For the past two months this blog has mostly been me telling you to be careful with MCP. An agent wiped my production database in May. I wrote about the twelve and a half thousand MCP servers sitting open on the internet. This week I published a checklist for vetting a server before it ever touches your config.
So here's the fair question a reader could ask: would I let an agent anywhere near my own databases?
I do. Daily. Through an MCP server I built before I wrote any of those essays. This post is about the guardrails that turn "an agent on your database" from a gamble into a considered decision.
Why you'd want this at all
Asking questions of your data in plain language is one of the few agent use cases that pays off immediately. "How many signups in the last 24 hours, and do the errors cluster anywhere?" is a thirty-second answer instead of a fifteen-minute detour through a query console. Debugging a production issue while the agent checks the actual rows involved beats guessing from the logs.
The pull is real, which is exactly why so many people wire an agent straight into their database with a full-privilege account and move on. That's the part we need to talk about.
What read-only doesn't buy you
The reflex answer to database safety is "just make it read-only". Good start. Now look at what a SELECT still does.

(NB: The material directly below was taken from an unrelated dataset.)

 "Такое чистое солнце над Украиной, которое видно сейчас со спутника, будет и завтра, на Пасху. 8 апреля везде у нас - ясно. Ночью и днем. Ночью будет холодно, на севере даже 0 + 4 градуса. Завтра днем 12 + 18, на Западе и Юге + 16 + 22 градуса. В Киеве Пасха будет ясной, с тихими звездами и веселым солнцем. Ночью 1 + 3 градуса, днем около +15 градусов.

Everything a query returns lands in the model's context, and everything in the context goes to the API. Run one innocent SELECT * FROM users LIMIT 50 and fifty customers' emails, phone numbers and addresses have left your infrastructure. Nobody attacked you. You did it yourself, politely, over TLS.

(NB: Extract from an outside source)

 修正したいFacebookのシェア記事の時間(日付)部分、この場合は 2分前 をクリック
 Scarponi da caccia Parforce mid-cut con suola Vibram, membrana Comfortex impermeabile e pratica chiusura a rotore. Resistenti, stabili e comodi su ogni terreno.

Data is also untrusted input. A row in your database can carry an injected instruction the same way a poisoned tool description can, and your agent reads query results with the same trusting eyes. The supply-chain problem doesn't stop at the package boundary.

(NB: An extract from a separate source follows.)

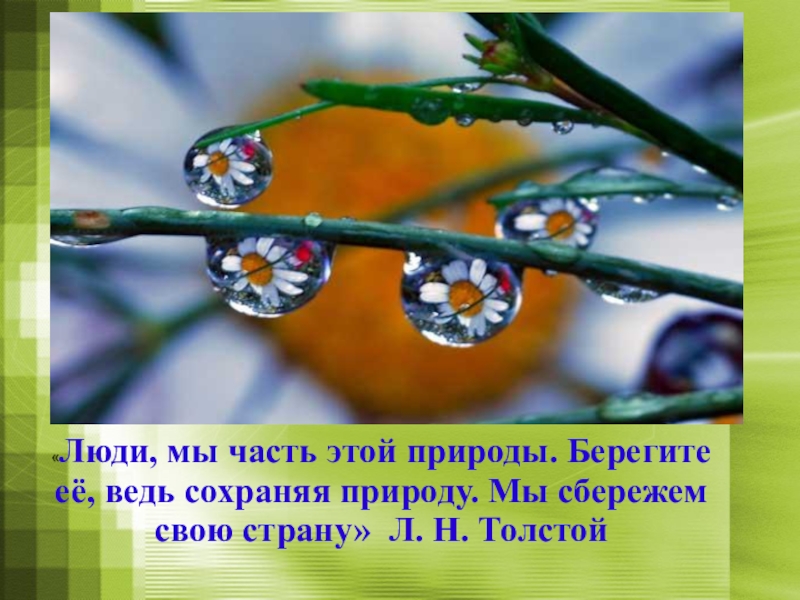 «Люди, мы часть этой природы. Берегите её, ведь сохраняя природу. Мы сбережем свою страну» Л. Н. Толстой

And an agent writes queries like an enthusiastic intern: a nine-way join across your two biggest tables is one plausible-looking answer away. Read-only does nothing against a query that takes your production database out back for twenty minutes.
So the threat model has three legs: leakage, injection, and load. Permissions address none of them.
Guardrails before permissions
This is what the server enforces, layer by layer, and each one maps to a leg of that threat model:
- SELECT-only, per database. Production gets
select_only=true, no exceptions. A local scratch SQLite can stay writable. The point is that the policy lives in config you review, per connection, instead of in the agent's judgment. - Query validation and complexity caps. Every query is parsed and analysed before it runs: injection patterns rejected, and hard limits on joins, subqueries and a composite complexity score. The nine-way join dies at the gate, with an explanation the agent can act on.
- Row limits and timeouts. A result set is capped (a thousand rows by default) and a query gets a deadline. Leakage and load both shrink when "the whole table" is never a possible answer.
- Field redaction. The underrated one. Sensitive columns are masked before results reach the model:
john.doe@example.comarrives asj******.e@*****.com, an SSN arrives as[PROTECTED]. The agent can still count, group and reason over the shape of the data. It just never holds the PII. - SSH tunnels, no open ports. The server reaches remote databases through a bastion host over SSH. Your database never meets the internet, which is more than twelve and a half thousand MCP servers can say.
- Audit logging. Every query, every connection, every redacted-field access, logged. When something looks off you replay what the agent asked, not what you hope it asked.
In config, the interesting parts look like this:
[database.production]
type=postgresql
host=internal-db.company.local
database=production_app
username=readonly_user
select_only=true
redaction_enabled=true
redaction_rules=*email*:partial_mask,*phone*:full_mask,ssn:replace:[PROTECTED]
ssh_host=bastion.company.com
ssh_private_key=/secure/path/ssh_key
[security]
max_joins=5
max_subqueries=3
max_complexity_score=50Note the username. The account itself is readonly_user: even if every guardrail in the server failed at once, the wall the query hits next is one the database enforces. Guardrails in the tool, permissions at the source. Belt and suspenders, deliberately in that order.
It has to pass its own interview
Fair is fair: run this server through the vetting checklist I published this week. Publisher matches the code, because both are me, and every line is on GitHub for you to disagree with. The verbs match the job: query, schema and monitoring tools, nothing that shells out, nothing that writes files.
You install it from source and pin it there, so nobody can ship you a surprise sixteenth release. And the credential you hand it should be the readonly account from the config above, revocable without a bad afternoon.
It's TypeScript, MIT-licensed, with 1,181 tests behind it, and it exists because I asked the question I later turned into a post: is a server the right shape for this problem? For database access it is, precisely because the value is the guardrail layer, not the plumbing.
Treat the agent like a contractor
You wouldn't hand an outside contractor the root password on their first day. They get their own account, scoped to the job, they don't see customer PII they don't need, and the building keeps a log of which doors they opened.
An agent deserves exactly that arrangement. Its own readonly account. Masked columns for everything sensitive. A log you can replay. Then let it work, because within those walls it is genuinely useful.
The agent that wiped my database in May had access it never needed. The one reading my databases today gets a scoped account, redacted PII and an audit trail. Same technology. Different contract.